In a debate this week, Jolly told Sink she was playing "fast and loose with the truth."

"Alex you have been misrepresenting my position on this on television for 10 days now. The Tampa Bay Times has called it a lie. You stand by it.'' (Politifact Florida ruled a Democratic robocall with a similar message "mostly false.")

Jolly was referring to a claim that he wants to privatize Social Security. That's not his position, he said. He wants to guarantee Social Security for everyone who gets it now, and everyone who has worked for more than 10 years. However, he said, a wide-ranging discussion is needed about how to give the program long-term stability, a discussion that should include private accounts.

A Democratic group backing Sink, the House Majority PAC, has run a television ad saying "don't let David Jolly jeopardize Social Security." It points out that Jolly lobbied for a group that called for serious changes to Social Security — including turning it into a "defined benefit" program for people under 50. Jolly has said he didn't lobby for that provision. The commercial also used AARP's logo without permission, prompting AARP to disavow it.

• • •

In contrast to the brutal ads, Sink herself is as sweet as Aunt Bee's home-baked pies when she shows up at senior centers.

She lets people know she grew up in Mount Airy, N.C., the town that inspired the fictional Mayberry on the show, and that Andy Griffith went to high school with her mother. She tells stories of growing up on the family farm.

Sink frequently has been called a stiff and awkward campaigner who snatched defeat from the jaws of victory by losing the 2010 governor's race to self-financed political newcomer Rick Scott. But she seems quite at ease as she visits senior centers like St. Petersburg's Bon Secours Maria Manor and Largo's Cabot Cove.

"Is it okay if I brag on my children a little bit?"

In a room full of grandparents, there is no possible answer but yes. She tells them about her late husband Bill McBride, their daughter the medical student and their son the law student who just got a job.

When she gets to the issues, Sink says, "I intend to go to Congress and be your advocate to protect Social Security and Medicare. … Don't believe these scare tactics about Social Security."

The program's long-term financial health needs discussion, she says, but it "is well-funded for the next 20 years."

If there's any issue more discussed in this race than Social Security and Medicare, it's the Affordable Care Act.

Jolly's television ads slam Sink as an Obamacare supporter, and it's clear his strategy is to tie her to the still-controversial law, a kiss of death for many voters.

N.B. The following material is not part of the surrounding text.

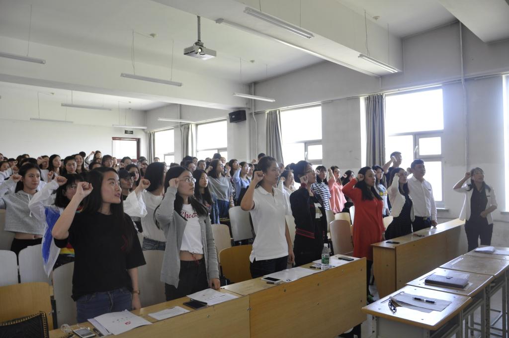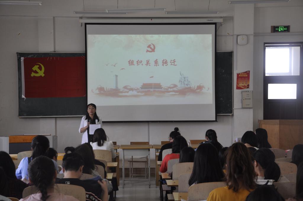 “重温入党志愿书,重温入党谈话,重温入党誓词”三重温环节中,学院选取党员代表研究生王莹和本科生王丹妮重温入党志愿书并宣读入党志愿书,在老师的带领下每名党员都重温了入党志愿书;刘春玲副书记带领大家重温入党谈话,提出三点希望:一、不忘初心,坚定信仰,不断端正入党动机,不断改正自己的主观世界,加强理论学习;二、牢记使命,树立全心全意为人民服务的思想,为同学,为学校服务,毕业前站好最后一班岗;三、争当表率,文明离校,在自己的岗位上再创佳绩。杨晓明老师带领全体党员在党旗前共同重温了入党誓词。最后,杨晓明老师向各位党员详细解读毕业生党员组织关系迁转工作的通知以及学院相关安排。

So it's interesting that in some visits, she brings up Obamacare herself. Last month she gave her talk at Bon Secours and forgot to mention it until a resident asked about it. She went back to the microphone. "This is really important," she said. "My opponent is on record and says over and over again that the first day he's in Congress he wants to vote to repeal the Affordable Care Act. My position is it's not perfect by any stretch and there are things about it that need to be fixed."

That's good news to some.

"I like her stand on Obamacare," said Bettye Strickland, 83, of the Palms of Largo. "She said let's fix what's wrong

But will enough people agree to push Sink into Congress? It may depend on how many voters are like Carl Kraus, 97, a Jolly supporter who doesn't like Sink's approach to Obamacare.

"Needs a lot of fixing, in my estimation," he said.